В сегодняшней Америке многое, конечно, сгладилось, но, как свидетельствует Лэш, что-то от этой неприязни “простого человека”, common man, к “чересчур культурным” сохраняется и даже обостряется — причиною тому эволюция культуры элит в направлении все большей безземности. Раньше хоть были так называемые public intellectuals, у которых словарь сильно отличался от языка “простого человека”, но которых все-таки можно было понять при некотором усилии. Сейчас это племя вымирает; его место занимают специалисты, то и дело прибегающие к птичьему языку (“невразумительному жаргону”, как говорит Лэш), совершенно недоступному для ходящих по земле. Салонность на современный лад становится способом бытия “передовой” культуры; главный ее признак — отчуждение от любой формы мифа (как определенной системы смыслов), восприятие его как текста, объяснять который следует из самого текста.
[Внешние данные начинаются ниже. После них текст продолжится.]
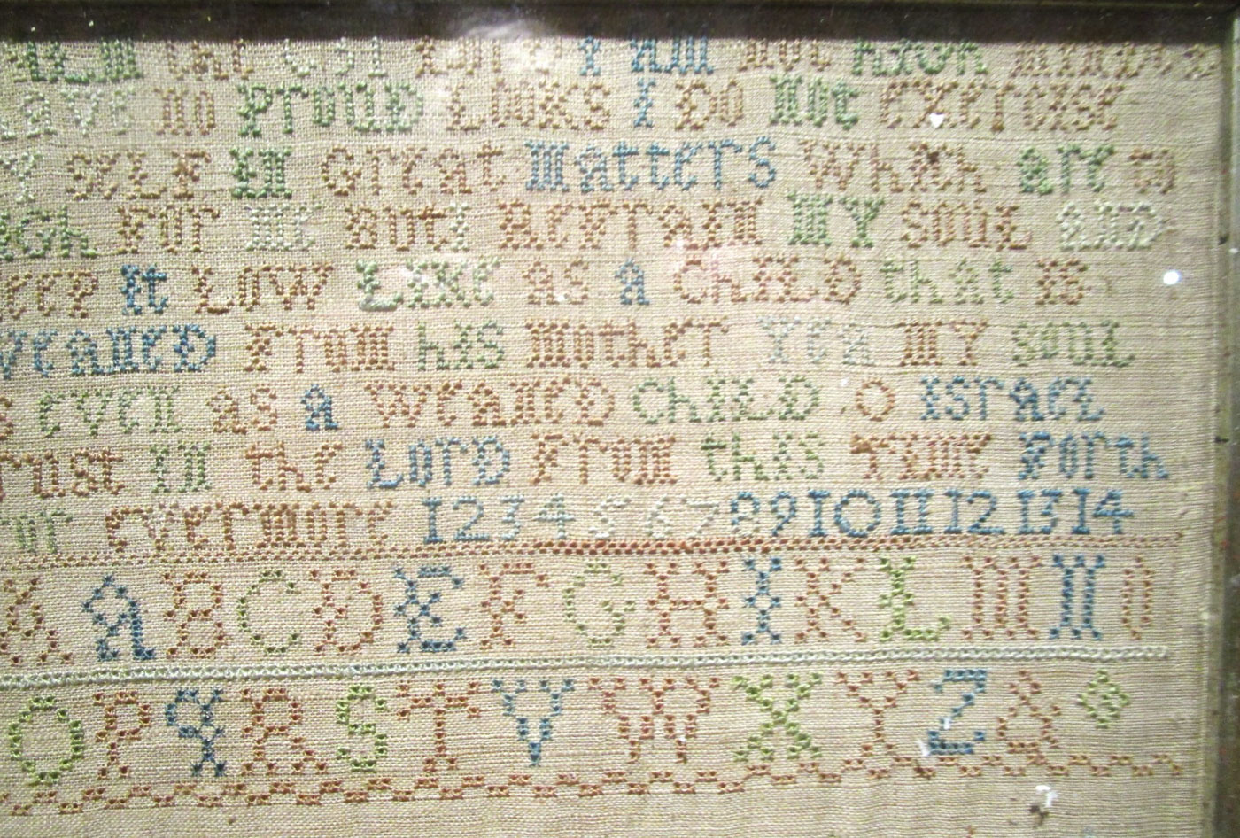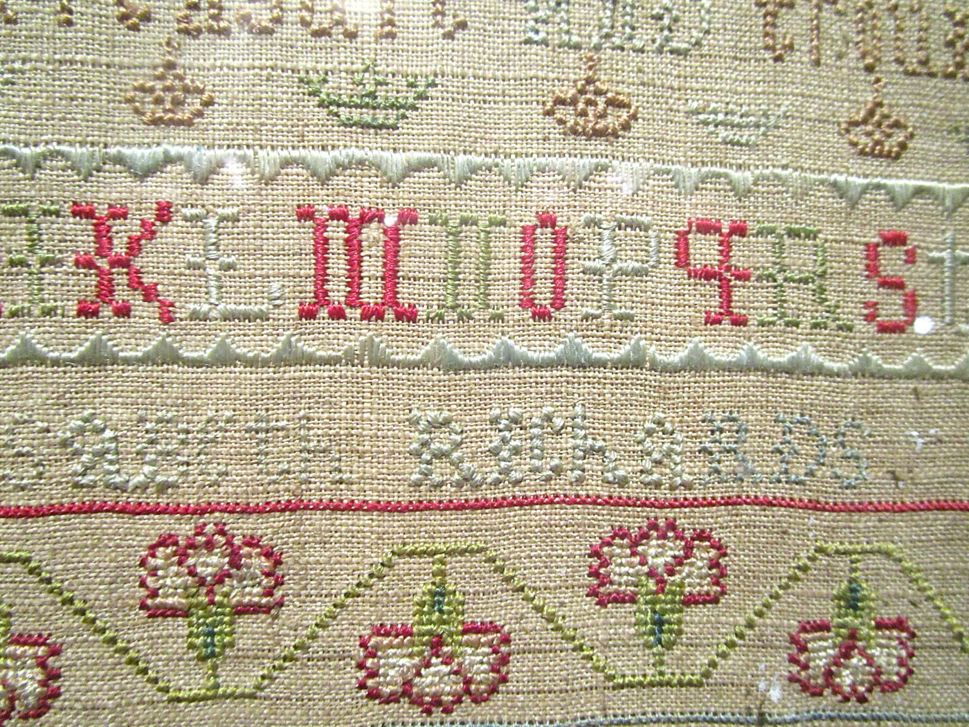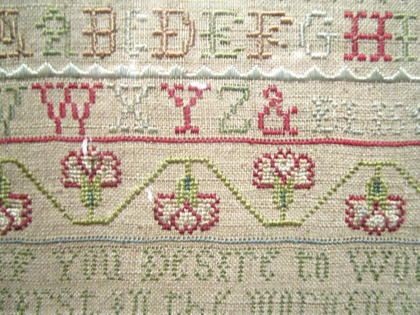 Stitches used are cross, counted and freehand satin, stem and eyelets. Excellent color and condition, in a 20th century frame. 8-3/4″ x 18-3/4″ sampler itself, with the frame 10-1/2″ x 20-1/2″

Некоторые называют это “игрой в бисер”, хотя такого рода занятие чаще напоминает натужное ворочание тяжелыми камнями.
Мир “передовой” культуры, академический мир в частности, все больше возглавляет поколение, прошедшее через “культурную революцию”: “Когда дети 60-х, — пишет цитируемый Лэшем социолог Р. Кимболл, — получили свои профессорства и деканства, они не оставили мечты о радикальном преобразовании культуры; они принялись проводить ее в жизнь. Теперь... вместо попыток разрушить наши образовательные заведения физически, они подрывают их изнутри”. Они отстаивают принцип свободы, применительно к культуре и жизни, упирая на “личный выбор” и не соизмеряя его с другими принципами — авторитета, традиции, долга; и они делаются строгими моралистами, защищая этот принцип, в
ихинтерпретации ведущий в конечном счете на путь вседозволенности и цинизма.